Why do I mention that? First of all, because it is a dynamic polymer. It is a polymer based on non-covalent interactions, but also to illustrate how far, how long it can take to go from basic concept to an application. In 2003 of all, one can look at the possibility
to have self-healing materials. Let's have a look here. That's a transparent film which contains entities which are linked by non-covalent interactions. You can cut this film in two, superimpose the two ends, and then you press with your finger just for some time.
Not very quantitative, but you press with your finger and you can stretch and it sticks again. I have a movie for that, but I didn't want to show it. It takes a bit too much time just to get from one thing to the other one. But you can see this, you can stretch, and it has the mechanical properties almost the same as the starting film.

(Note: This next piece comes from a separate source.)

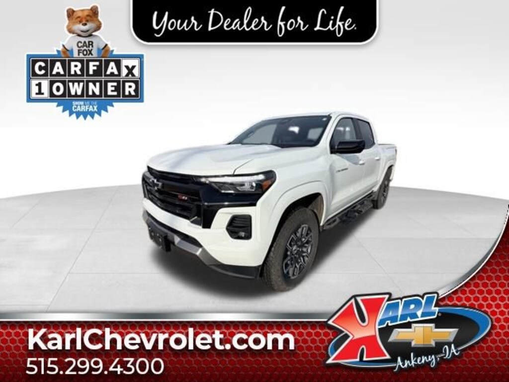 Recent Arrival! CARFAX One-Owner. Clean CARFAX. Summit White 2024 Chevrolet Colorado Z71 4WD CREW CAB Z71 2.7L I4 Turbocharged DOHC 16V LEV3-ULEV50 310hp 4WD. 18/23 City/Highway MPG 8-Speed Automatic 4WDAt Karl Chevrolet we want to help you find the best new or used car in Ankeny that suits your needs. Check out the 2024 Chevrolet Colorado For Sale in Ankeny, IA. When you buy a new car at Karl Chevrolet you know you're finding a vehicle you can rely on. We have a great selection of Platinum Quality Pre-Owned Vehicles. We also pride ourselves in creating a friendly atmosphere and reliable new car dealership that you can trust. Call us with any questions about our 2024 Chevrolet Colorado and our experts will be glad to help you! (515) 299-4300. *Equipment and options are generated by a 3rd party vendor, exact vehicle options may vary. Please see a salesperson for complete details and vehicle information.

The reason that it are not the same is probably because it was not pressed long enough and this was not a very quantitative way of doing things. But this just demonstrates that supermolecular polymer films are self-healing materials. Now, the other point of importance is in addition
to having this practical material type of application, there's another possibility. And in 2013, in October of that year, I got an email from a small company saying we have developed supermolecular polymer materials which are biocompatible. And what they had done is using supermolecular materials,
this company Xeltis has used this type of material to make cardiovascular implants. These cardiovascular implants were then used for the reconstruction of the heart of children who had a congenital cardiac malformation.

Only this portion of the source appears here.